Я вспомнил, как живо он интересовался шахтой. Его расспросы за ленчем, его теннисные матчи с Салли… Он охотился за всем предприятием, а не за его половиной. Унаследовать одну половину и жениться на второй. Неважно, что ей всего пятнадцать. Через пару лет это будет вполне подходящая партия.
Данило…
Меня внезапно охватила слепая ярость. Я рванулся изо всех сил, пытаясь сломать упрямую баранку. Тщетно. Такая жестокость… Это же невозможно. Как мог Данило… да кто угодно! - как вообще можно запереть человека в машине и оставить умирать от жары, жажды и истощения? Такое только в кино бывает… в одном фильме… «Человек в машине».
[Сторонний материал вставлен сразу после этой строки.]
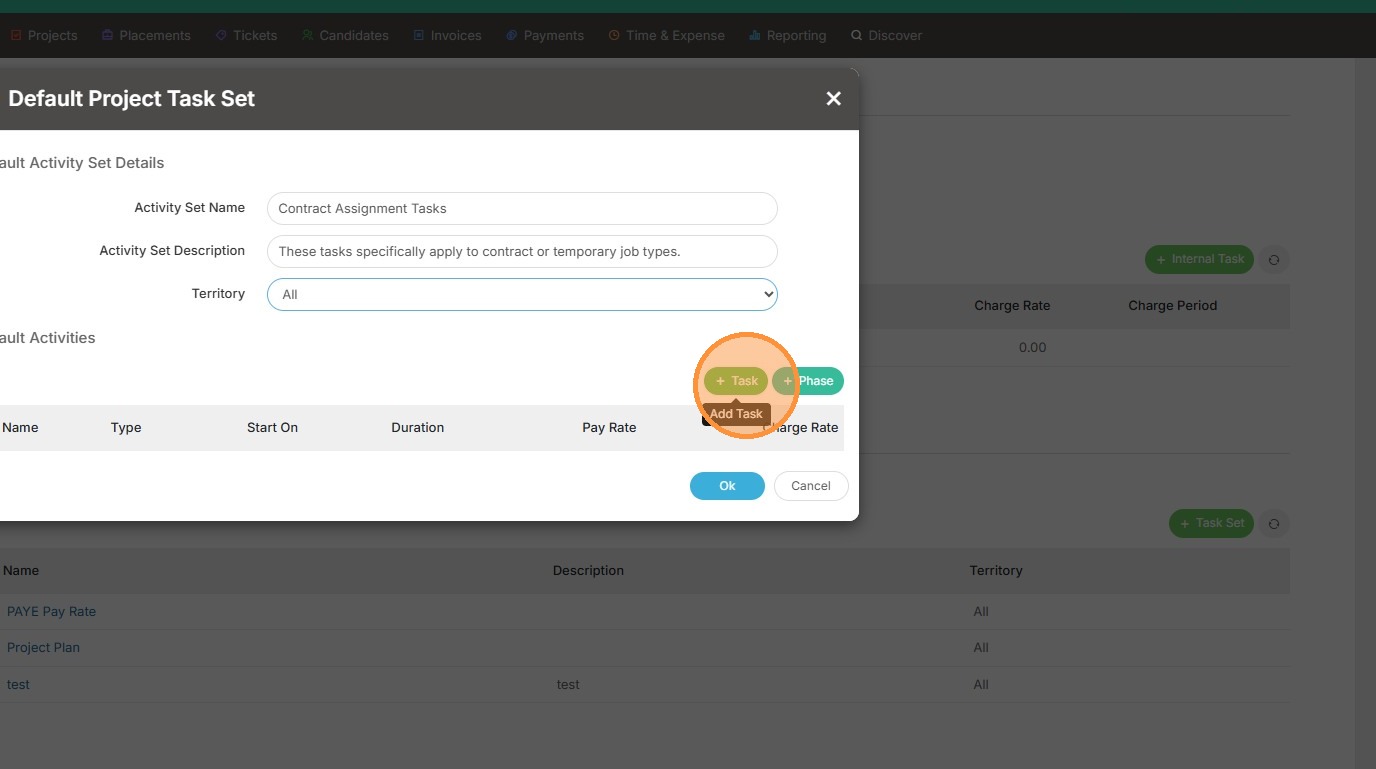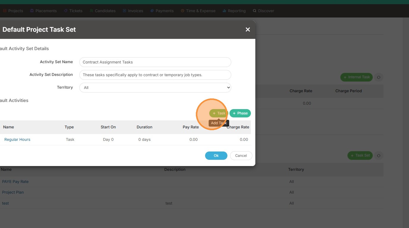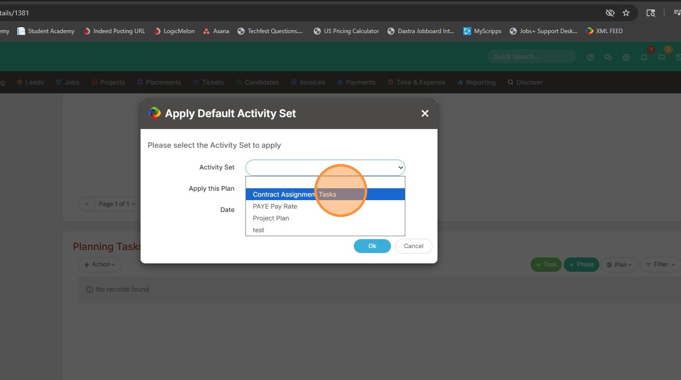 1. Within assignments, or projects, you can apply a default task set. This is done under the Planning Tasks section within the project.

«Не выходите из машины! - предупреждал Хагнер. - Это опасно!» Теперь это казалось дьявольской насмешкой. Если бы я мог выйти из этой машины, львы мне показались бы детской забавой.
Крики и вопли были в кино. Я холодно вспомнил ту агонию духа, которую я вообразил и сыграл. Постепенный распад души, процесс, который я разделил на ряд кадров. Процесс, в конце которого от человека должна была остаться одна оболочка. Мой герой зашел слишком далеко, чтобы вновь обрести разум, даже если его тело спасут.
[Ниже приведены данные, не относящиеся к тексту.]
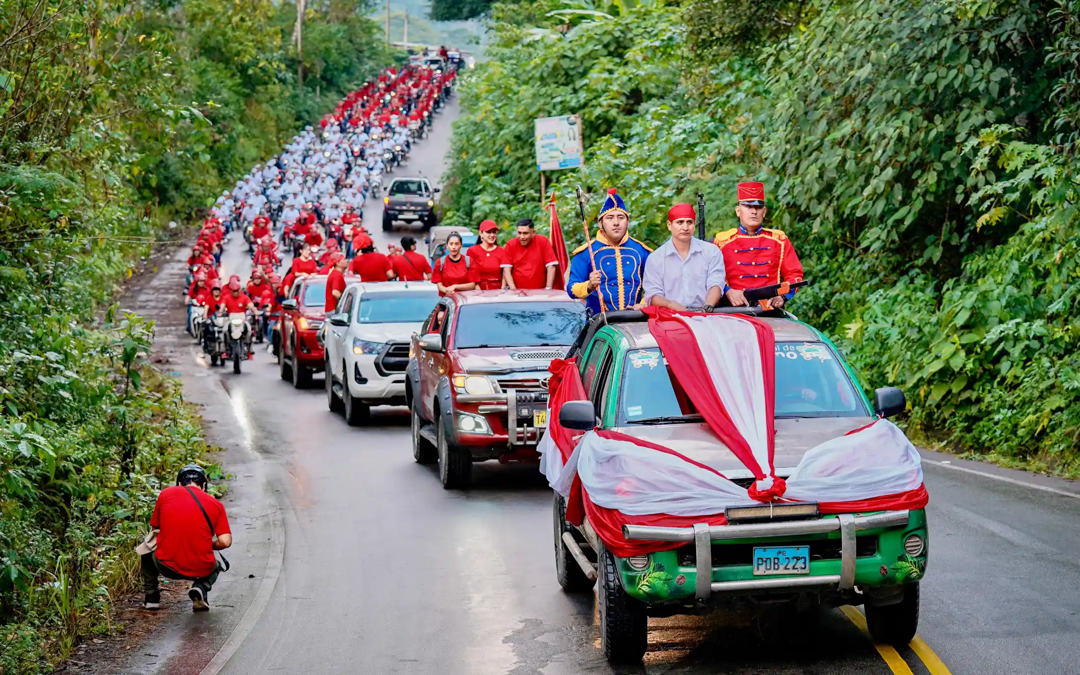 Desde las primeras horas del día, un pasacalle motorizado recorrió las principales calles de la ciudad. Cientos de motociclistas formaron los colores rojo y blanco de la bandera nacional, en una iniciativa que buscó reforzar el sentido de identidad y memoria colectiva.

Человек в «Спешиале» был выдуманным персонажем. На все возникающие ситуации он реагировал эмоционально. Вот почему его рыдания выглядели естественными. Но я не такой. Во многих отношениях я совершенно противоположен ему. Я всегда относился ко всем проблемам с чисто практической точки зрения. И намеревался и впредь вести себя так же.
Кто-нибудь когда-нибудь меня непременно найдет. Мне надо только постараться выжить - и сохранить разум - до тех пор, когда это наконец случится.
Солнце поднялось высоко, и в машине сделалось жарко. Но это были мелочи.
Мой мочевой пузырь готов был лопнуть.
Я мог извернуться достаточно, чтобы расстегнуть «молнию» на брюках. Я так и сделал. Но повернуться на сиденье я не мог. И даже если мне удастся открыть дверцу локтем, все равно все окажется в машине. Я оттягивал неизбежное до тех пор, пока удерживаться стало невозможно. Хотя это было совершенно бессмысленно. Но все имеет свои пределы. Когда я наконец выпустил струю, большая часть мочи оказалась на полу, но не вся: я почувствовал, что брюки у меня промокли от паха до колена.
Необходимость сидеть в луже дико меня разозлила. Почему-то то, что меня принудили обмочиться, казалось даже более подлым, чем то, что меня оставили тут умирать. В кино мы эту проблему обошли стороной, поскольку сочли, что она не имеет большого значения для душевного состояния. Мы ошиблись. Еще как имеет!
С другой стороны, это только добавило мне решимости не сдаваться. Я ощутил жажду мести.
Я возненавидел Данило.
Близился полдень. Жара сделалась пыткой. К тому же я устал сидеть неподвижно. «Ничего! - говорил я себе. - В Испании я провел в таком положении целых три недели. Там, кстати, было куда жарче». О том, что в Испании мы устраивали перерыв на ленч, я старался не вспоминать.
А кстати, если верить моим часам, скоро как раз будет время ленча. Ну что ж… Может быть, меня скоро найдут…
Интересно, а как они сюда попадут? Впереди дороги видно не было: деревца, сухая трава и густой подлесок. По сторонам - то же самое. Впрочем, как-то ведь мы сюда доехали… Не с неба же упала эта машина! Вывернув шею и заглянув в зеркальце заднего обзора, я обнаружил, что дорога - если это можно назвать дорогой - у меня за спиной. Это была грунтовка без всяких следов ухода. Ярдах в двадцати от того места, где я находился, она совсем пропадала в траве.